Медведь прорычал недовольно, тряхнул головой и медленно закосолапил прочь.

Сергей выждал с минуту, другую, тихо ступил в сторону и пошел в бок все быстрей, быстрей, время от времени оглядывась.
Хлеб он доел на третьи сутки, шоколад, как ни экономил в последнее время, кончился на седьмой день. Во фляжке чуть-чуть плескалось на дне, но он решил не трогать больше, оставить на самый крайний случай.

На десятый день он первый раз выстрелил. Не в зайца, хоть они частенько мелькали среди стволов, перебегали дорогу.

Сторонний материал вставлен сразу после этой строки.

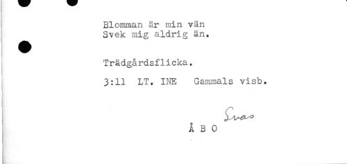 //// Blomman år min vän //// Svek mig aldrig än. //// Trä dgå rd s f1i cka. //// 3:11 LT* INE Gammals visb. ////
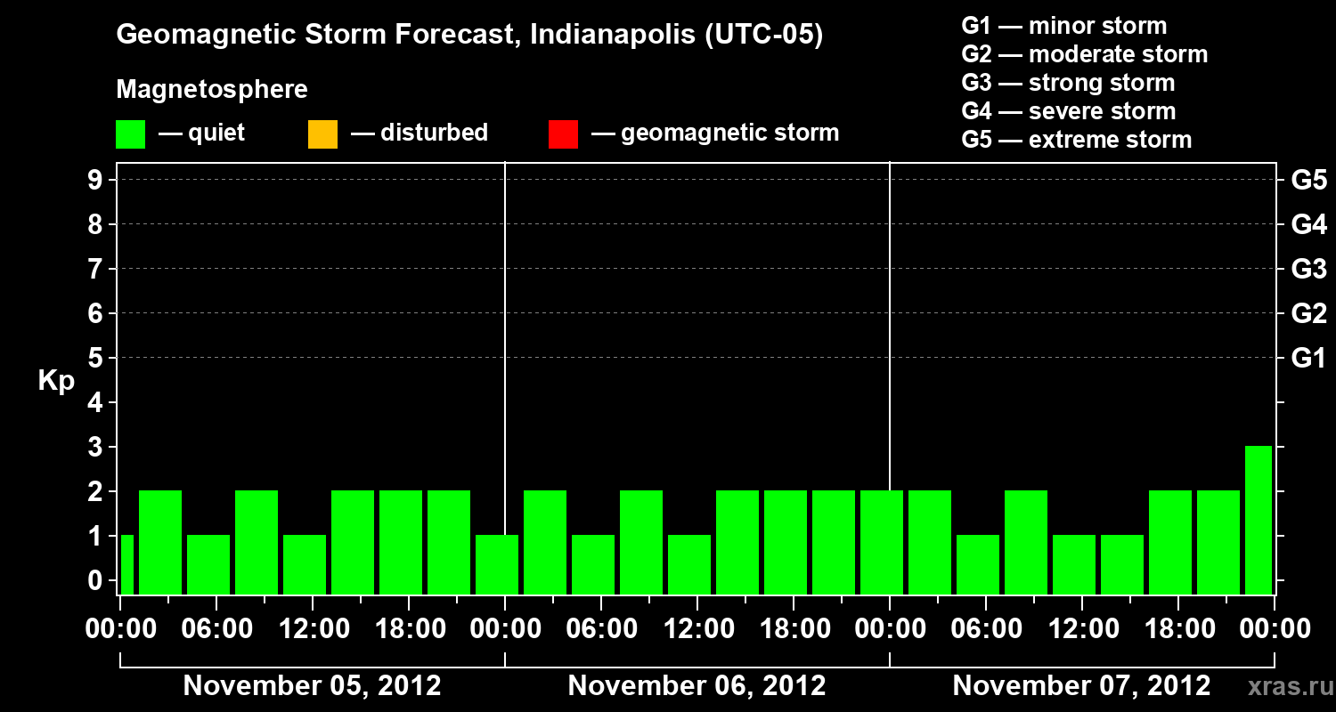 Geomagnetic storm forecast in Indianapolis for Nov 05, 2012
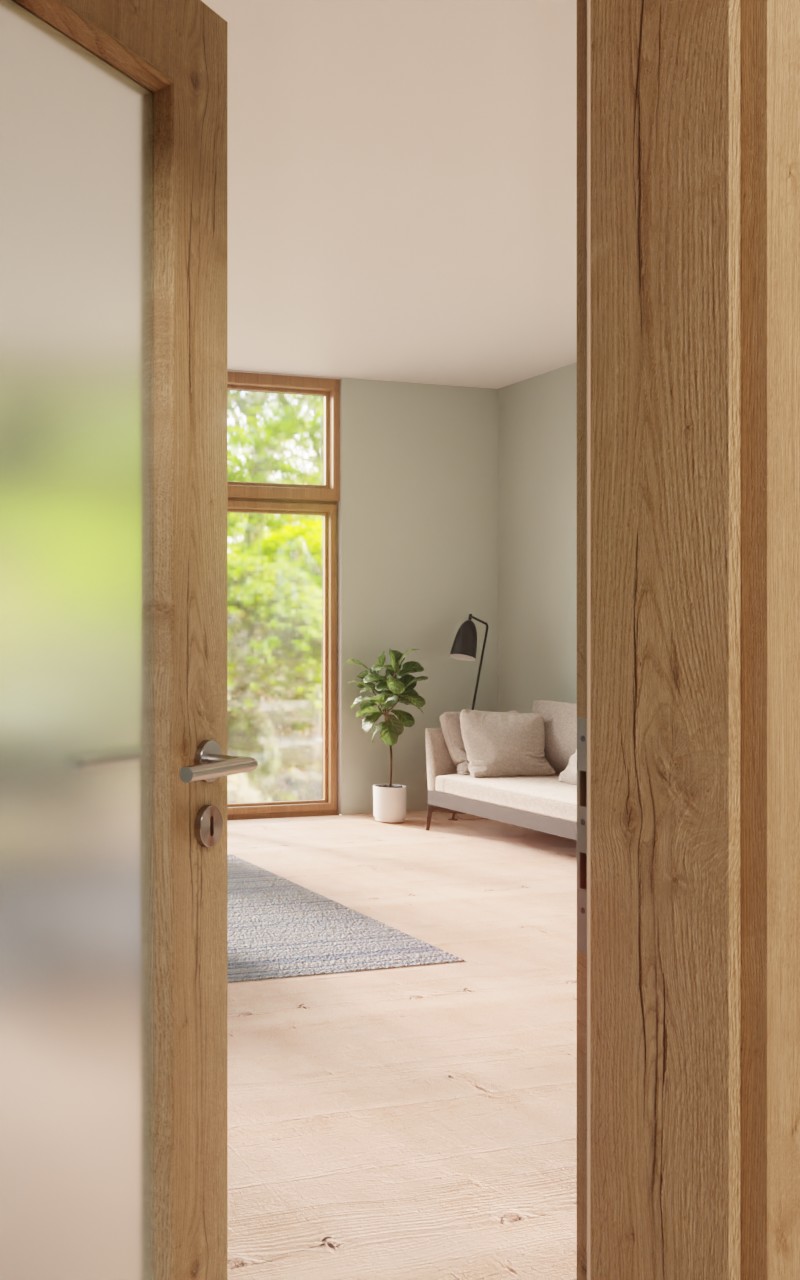 Duży przeszklony fragmentzapewnia doskonały dopływ światła. W dekorze Authentic dąb szczelinowy pojawia się charakterystyczny wzornik, który imituje sęki i wyraźne słoje roczne. Ponadto warstwa wierzchnia z HPL wyróżnia się wysoką odpornością na zarysowania i ścieranie oraz łatwością w pielęgnacji.
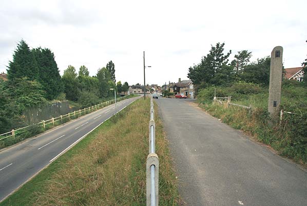 Looking west along Station Approach in September 2007 - Somersham Station was to the right of the level crossing. The abutment for the bridge over Chatteris Road can be seen on the left.
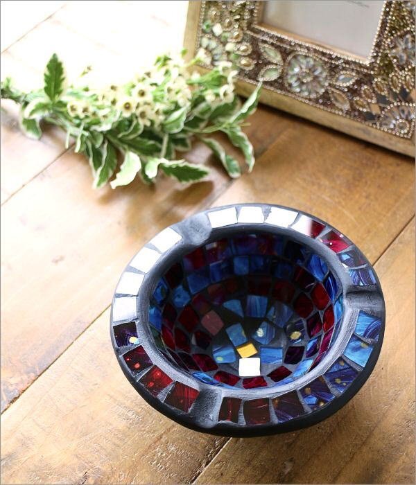 - 灰皿 おしゃれ 卓上 ガラス 小物入れ モザイクガラスの灰皿 サークル 送料無料(一部地域除く) tom6511

В зайца он не смог бы попасть. Решил пока убить глухаря. Остановился под широкой густой ветвью. Старательно прицелился, раздался выстрел. Глухарь перелетел на соседнюю сосну и с недоумением уставился вниз: дескать, что случилось? Сергей быстро пошел дальше, успокоился немного. Снова встал под сосну. На этот раз целился дольше, аккуратней. Глухаря пулей подбросило верх, затем он мягко стукнулся в наст. Остальные с глупыми лицами смотрели вниз. Сергей быстро собрал в кучку хвороста, щелкнул зажигалкой. Костерик горячо заполыхал. Сергей, держа за ноги птицу, сунул ее в огонь, одним боком, другим. Перья затлели, посыпались пеплом. Дурманяще запахла горелая кожа. Спазмами скрутило желудок, задрожили руки. Он разодрал птицу, одну половину бросил в край огня, а в другую, не выдержав, впился зубами. Через полчаса пришло успокоение, вдруг ясно подумалось: как же он превратился почти в зверя? Где же сбился с пути? Может быть, взял слишком вправо?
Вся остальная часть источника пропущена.